Megaloman kralın, dalkavukları yüzünden düştüğü hali hikaye eden bu kıssayı kısaca hatırlatayım isterseniz.
Giyimine düşkün kral, bir gün emirerini çağırıp, ülkedeki terzilere duyuru yapmasını ister. Duyuru şudur: Kim en güzel elbiseyi dikerse, onun sandıklar dolusu altınla ödüllendirileceği, beğenilmez ise kellesinin gideceğidir.

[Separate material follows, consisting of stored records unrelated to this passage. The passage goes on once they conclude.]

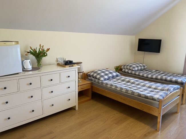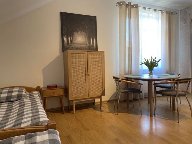 Nasze apartamenty zostały zaprojektowane z myślą o gościach, którzy cenią sobie wygodę, estetykę i bliskość natury. Oferujemy przestronne, urządzone ze smakiem i w nowoczesnym stylu pokoje, gdzie każdy detal tworzy przytulną i harmonijną atmosferę sprzyjającą relaksowi. Wnętrza zostały starannie przemyślane tak, aby łączyć nowoczesne udogodnienia z ciepłym, domowym klimatem.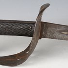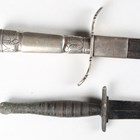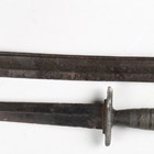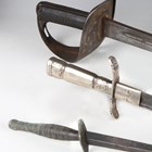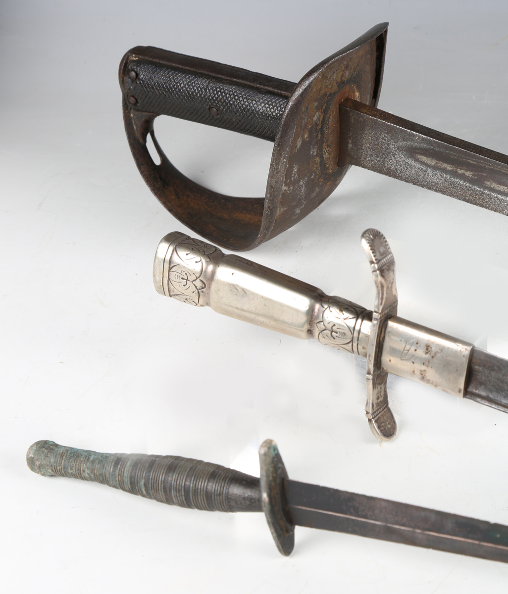 A small group of edged weapons, comprising an 1885 pattern cavalry trooper's sword with curved single-edged blade, blade length 85.5cm, and steel bowl guard with pierced Maltese cross design, a converted smallsword with nickel grip and a 20th century copy of a fighting knife.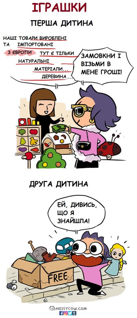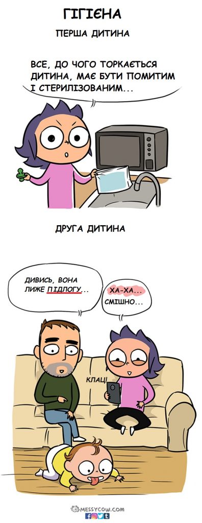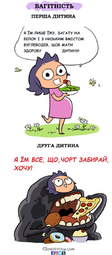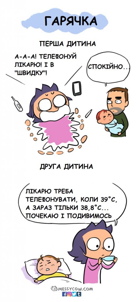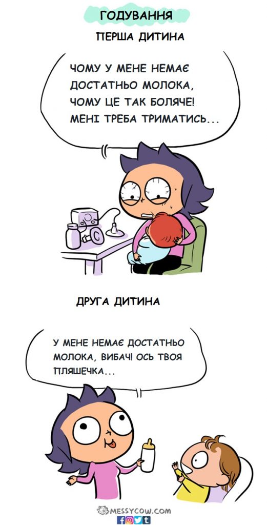 Messycow почалися як імпульс, пояснює ілюстраторка. Різницю від першою і другою дитиною вона відчула так. А що гадаєте ви?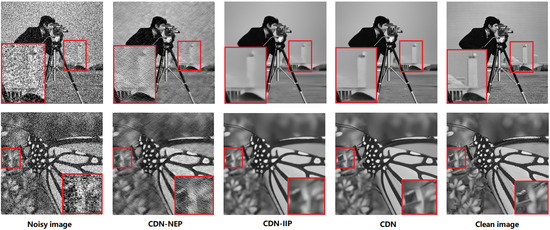 However, there are still some limitations in our work. The same architecture is used for both IIP and NEP, and exploring different architectures could potentially improve the performance of the network. For example, vision-transformer-based image denoising networks have achieved state-of-the-art performance [45,46]. Incorporating a vision transformer as the backbone of IIP or NEP may enhance the denoising performance of CDN. In addition, although SSIM loss shows better results than L1 and MSE for the image information loss, there might be other loss functions that could be more effective. These concerns will be explored in future studies.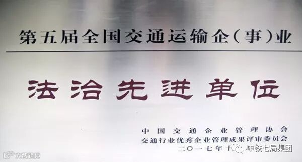 12月15日,中国交通企业管理协会《全国交通法律大会》在北京召开,大会对获得全国交通运输企事业十佳法律顾问、优秀法律顾问、法治建设先进单位和个人、优秀法律论文的单位和个人进行了表彰。中铁七局三公司荣获第五届“全国交通企业法治先进单位”称号,该公司总法律顾问张海明获得“法治建设先进个人”,法规部部长沈兆忠获得“十佳法律顾问”,曹鹏斌、许娟分别获得“优秀法律顾问”称号,由该公司法律合规部撰写的论文《积极推行法律信息化管理为企业转型升级提供有力支撑》获得“优秀法律论文”奖。中国交通企业管理协会是经国家商务部和国资委批准,唯一一家在交通运输行业内开展行业信用评价的协会,是交通运输企业信用评价的权威机构。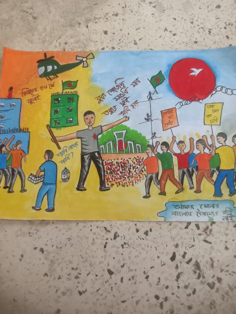 জুলাই গণভ্যুত্থান বর্ষপূর্তি পালন উপলক্ষে আয়োজিত “২৪ এররঙে গ্রাফিতি ও চিত্রাংকন” এর স্থিরচিত্র বেঙ্গলী মিডিয়াম হাই স্কুল |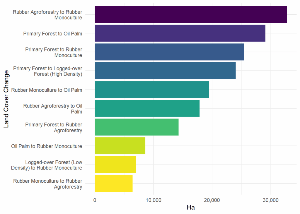 Untuk melihat jenis perubahan tutupan lahan apa yang terjadi pada hutan primer Bungo, LUMENS melalui modul Pre-QuES dapat memfasilitasi kita untuk mengetahuinya. Hasil analisis Pre-QuES pada Gambar 2 menunjukkan dalam kurun waktu 20 tahun, jenis perubahan tutupan lahan terbesar berasal konversi lahan agroforestri karet menjadi karet monokultur, diikuti dengan deforestasi pada hutan primer untuk perkebunan kelapa sawit di urutan kedua sebesar 29,095 ha dan pembukaan hutan primer untuk karet monokultur pada urutan ketiga sebesar 25,484 ha.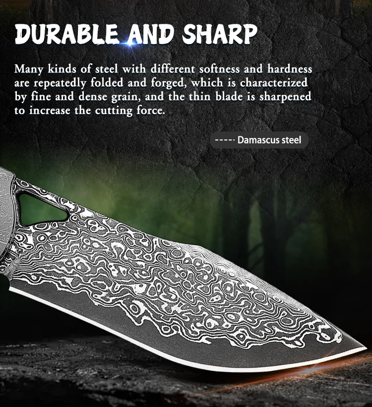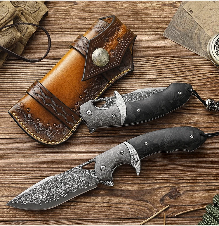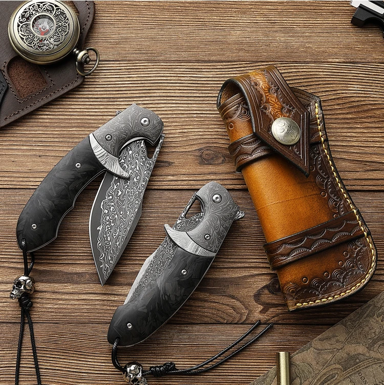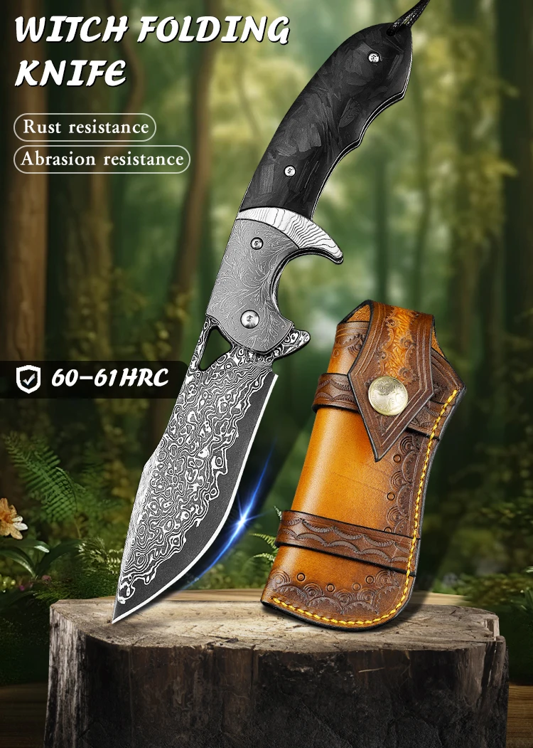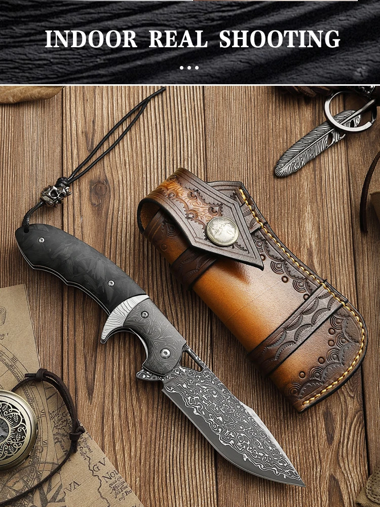 High Quality Men's Folding Pocket Knife, Damascus Steel Pocket Knife with Sheath, EDC Camping Adventure, Hunting Survival Knife

İlanı duyan terziler saraya koşar, ama çoğu bu cesaretinin bedelini kellesi ile öder. Fakat uyanık bir terzi saraya giderek krala bu işe talip olduğunu söyler. Nihayetinde işi alan terzi, haftalar sonra, sadece akıllıların görebildiği ama aptalların göremediği elbiseyi getirir. Doğal olarak, kral ve adamları, aptal konumuna düşmemek için “ortada elbise falan görünmüyor” diyemezler. Kral ilk törende, halkının huzuruna, bu sadece akıllıların görebildiği elbiseyle çıkar. Tabii kralın dalkavukları bu arada elbisenin özelliklerini halka anlatmışlardır. Aynı şekilde halk da aptal durumuna düşmemek için kralı alkışlar ve tezahuratlarla karşılarlar. Ama gel gör ki, bu tür entrikalara aklı ermeyen ufak bir çocuk, gördüğü manzara karşısında kendini tutamaz ve “anneee bak, kral çıplak” diye bağırır. Olayın büyüsü bozulur ve halk, kral çıplaaak diye bağırmaya başlar… vs.